6In case the gap is narrower, both GM layers basically touch each other and the algorithm may overestimate the thickness. Restricting the thickness map to be continuous, which is a part of the future work, may help us overcome this problem. For a further discussion, see for e.g. [Teo et al., 1997].
7Due to the lack of ground truth data for tissue thickness (and even a universally accepted definition of tissue thickness), artificial examples as the one here presented are critical to illustrate the importance of the concepts introduced here.
8See Appendix D for a detailed explanation about what voxels are used to perform this comparison (recall that our algorithm produces thickness measurements for all voxels).
9This increase, which is anatomically not expected, is statistically significant. No increase is found with our proposed method.

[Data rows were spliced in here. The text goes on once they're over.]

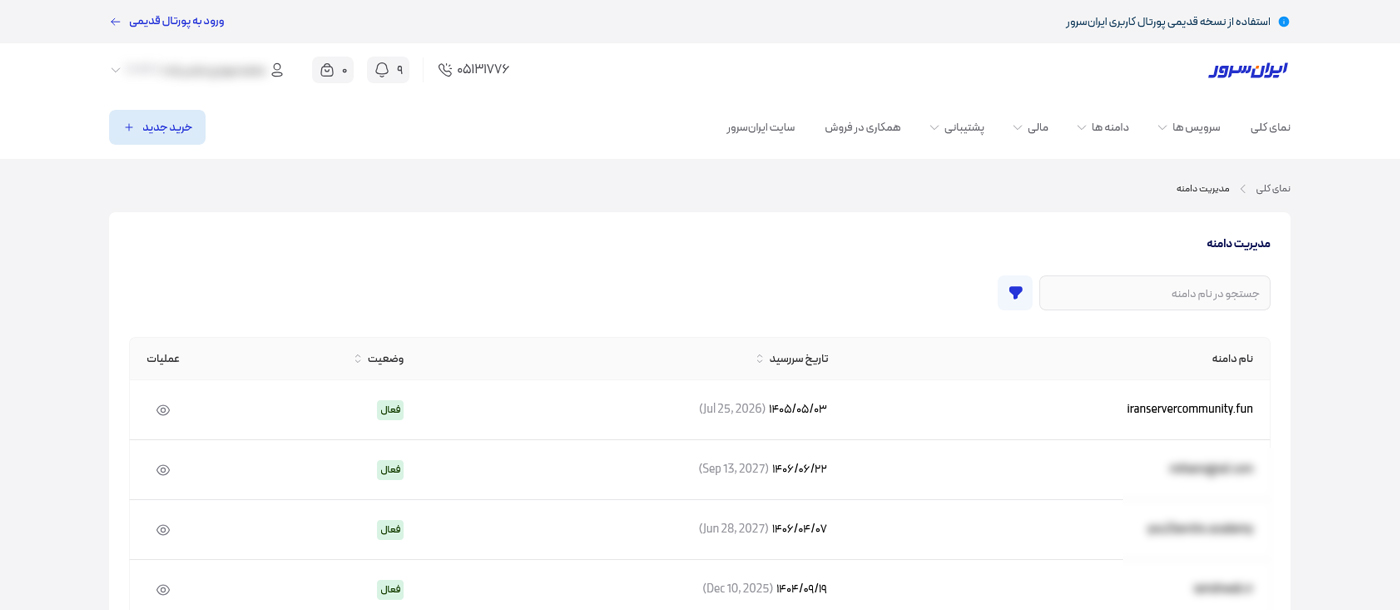 برای دریافت کد EPP ابتدا باید وارد پنل کاربری ایرانسرور شوید. پس از ورود، از منوی بالا به بخش دامنهها بروید و دامنه مورد نظر خود را انتخاب کنید. با کلیک روی نام دامنه، وارد صفحه مدیریت همان دامنه خواهید شد.
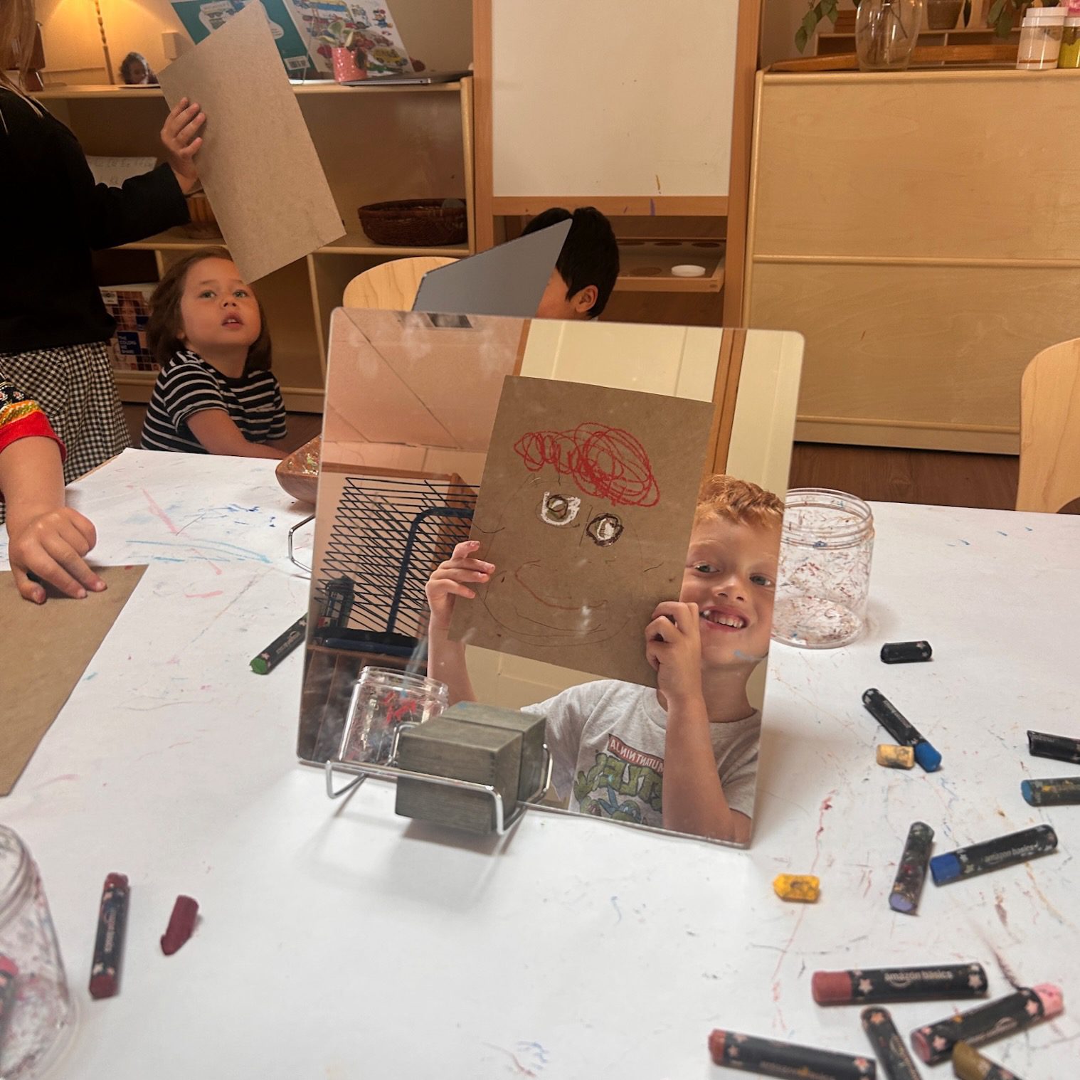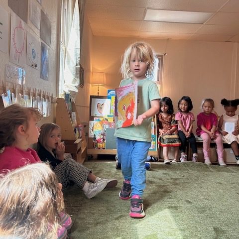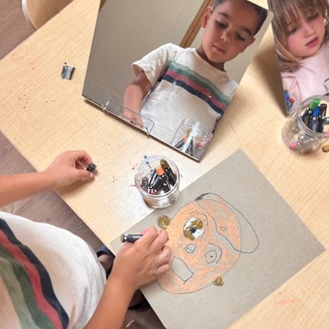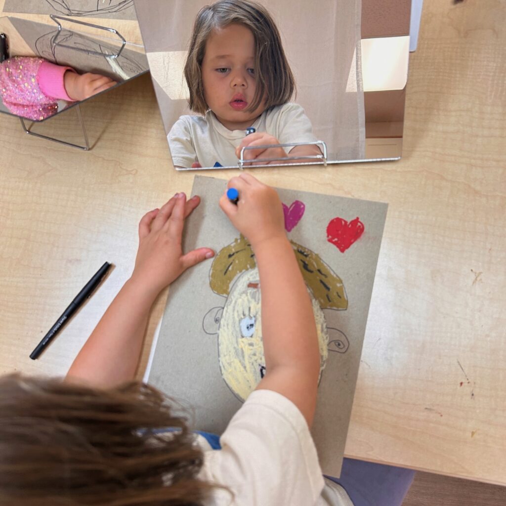 “Who am I?” “How am I similar to and different from others?” are questions that run through play and work time in TK. One of the ways children explore these concepts is through self portraits. Students consider skin color, hair color and style, and what they like about themselves. We look in the mirror to notice and draw details. Share time is when we make observations about each portrait and share questions and compliments for the artist.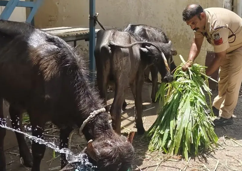 पुलिस को मौके से एक पाडे के कटे हुए चार पैर। 2 जीवित पाडे और 1 पाडी, जिन्हें क्रूरतापूर्वक रस्सियों से बांधकर रखा गया था। मांस तोलने के उपकरण, एक डिजिटल इलेक्ट्रॉनिक कांटा, लोहे की तराजू और विभिन्न बाट। एक धारदार बक्का और एक धारदार लोहे की छुरी और मांस काटने का लकड़ी का ठिया। महाकाल थाना पुलिस ने बताया कि शासन द्वारा मांस की बिक्री पर पूर्ण प्रतिबंध लगाए जाने के बावजूद, आरोपी हाजी मुस्तकीम और उसका भाई वसीम अपने घर के नीचे बने एक कमरे में अवैध रूप से पाडे (मवेशी) काटकर उनका मांस बेच रहे हैं। जब पुलिस ने गवाहों के साथ वहां दबिश दी, तो दोनों आरोपी अपने हथियार (छुरे) मौके पर छोड़कर पीछे के रास्ते से भाग निकलने का प्रयास कर रहे थे, इस दौरान पुलिस ने मौके की वीडियोग्राफी करवाई और वहां से साक्ष्य बरामद किए।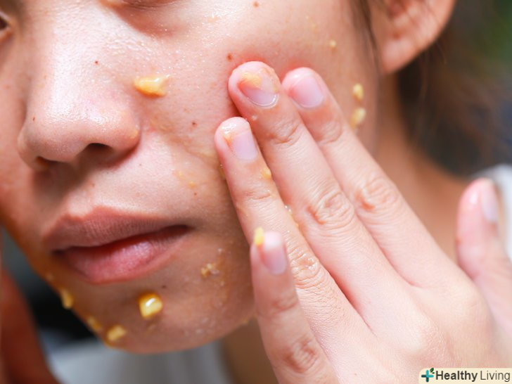 Зробіть медову маску від пігментних плям і шрамів. змішайте 2 чайні ложки сирого меду з половиною чайної ложки лимонного соку. Нанесіть отриману суміш на обличчя, і почекайте, поки вона вбереться в шкіру протягом приблизно 20 хвилин. Змийте маску і промокніть обличчя насухо. [14]- Лимонний сік володіє природним отшелушивающим властивістю. Завдяки його застосуванню можуть значно зменшитися пігментні плями і шрами на обличчі.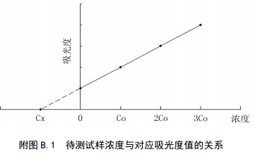 分別量取4等份量待測(cè)試樣(濃度為Cx),配制總體積相同的4份溶液。第一份不加標(biāo)準(zhǔn)溶液,第二、三、四份分別按比例加入不同濃度的標(biāo)準(zhǔn)溶液,4份溶液的濃度分別為:Cx、Cx+Co、Cx+2Co、Cx+3Co,加入標(biāo)準(zhǔn)的最小濃度Co≈0.5Cx。用空白溶液調(diào)零,在相同條件下依次測(cè)定4份溶液的吸光度值。以吸光度值為縱坐標(biāo),加入標(biāo)準(zhǔn)溶液的濃度為橫坐標(biāo),繪制校準(zhǔn)曲線,曲線反向延伸與橫坐標(biāo)的交點(diǎn)即為待測(cè)樣品的濃度。該方法只適用于濃度和吸光值呈線性的區(qū)域。待測(cè)試樣濃度與對(duì)應(yīng)吸光度值的關(guān)系見附圖A.1。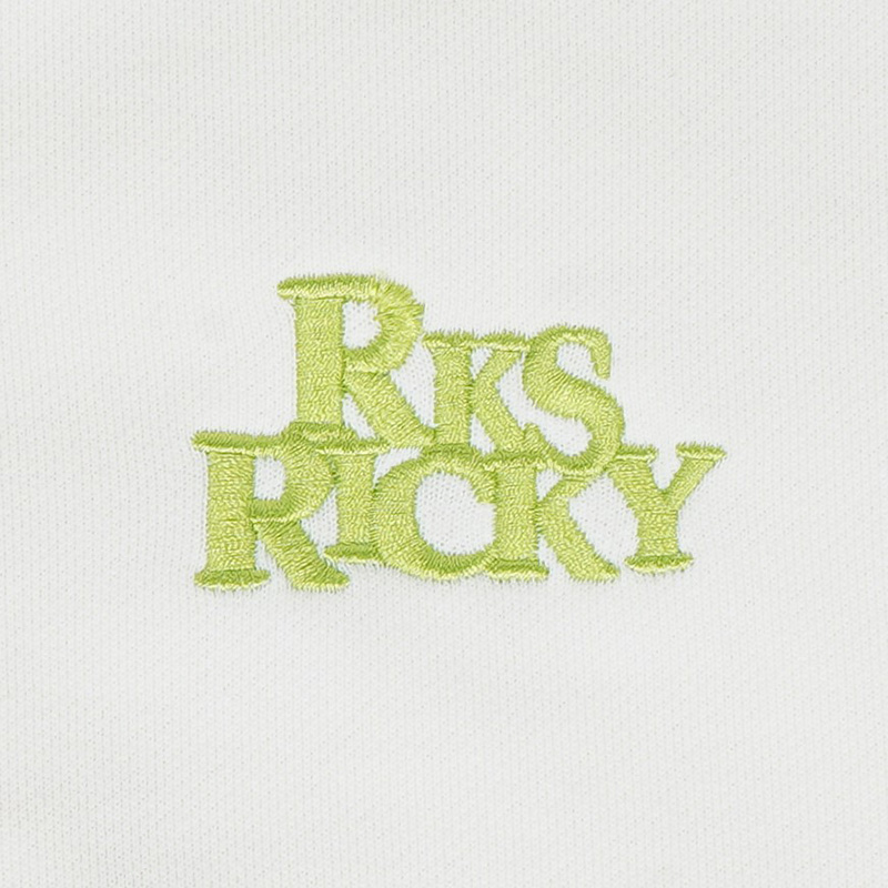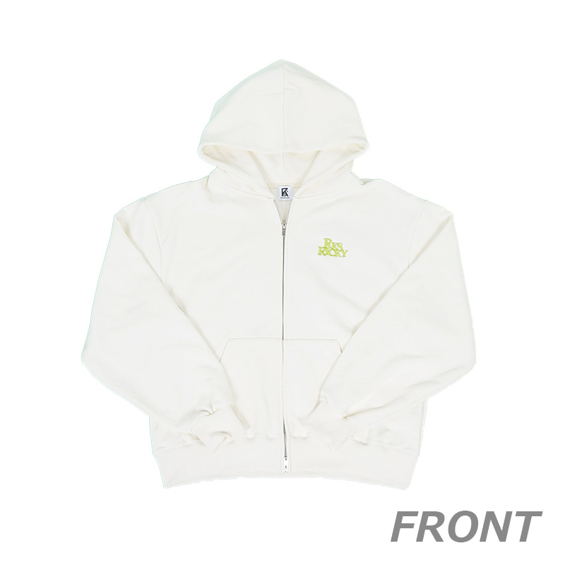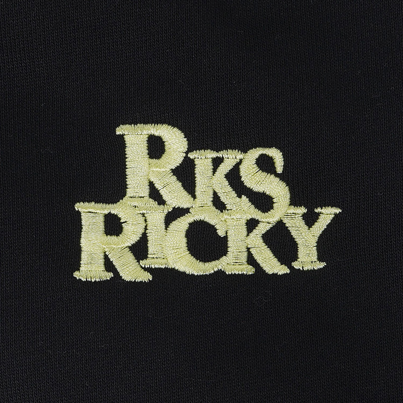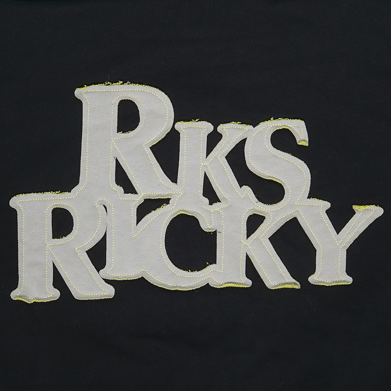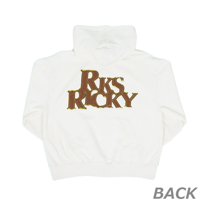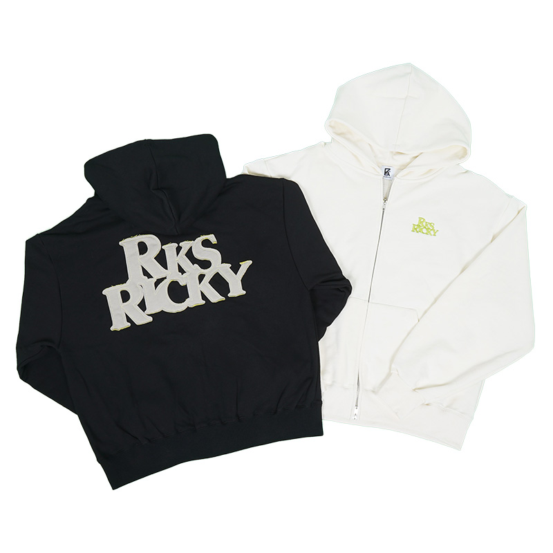 フロントはワンポイントロゴ刺繍、背中には大胆な RKS RICKYロゴがあしらわれた、シンプルなのに存在感のあるジップパーカーです。

10We should note that while this is the best fitting straight line, in a least squares sense, the actual fitting is far from ideal, indicating that the relation between the measurements produced by both methods is not linear. Note of course that intrinsically our definition of tissue thickness is fundamentally different than that of FreeSurfer, and should be considered as an alternative.
11Note once again that such segmentation is not an intrinsic component of the proposed framework, it is just one way of reporting the results.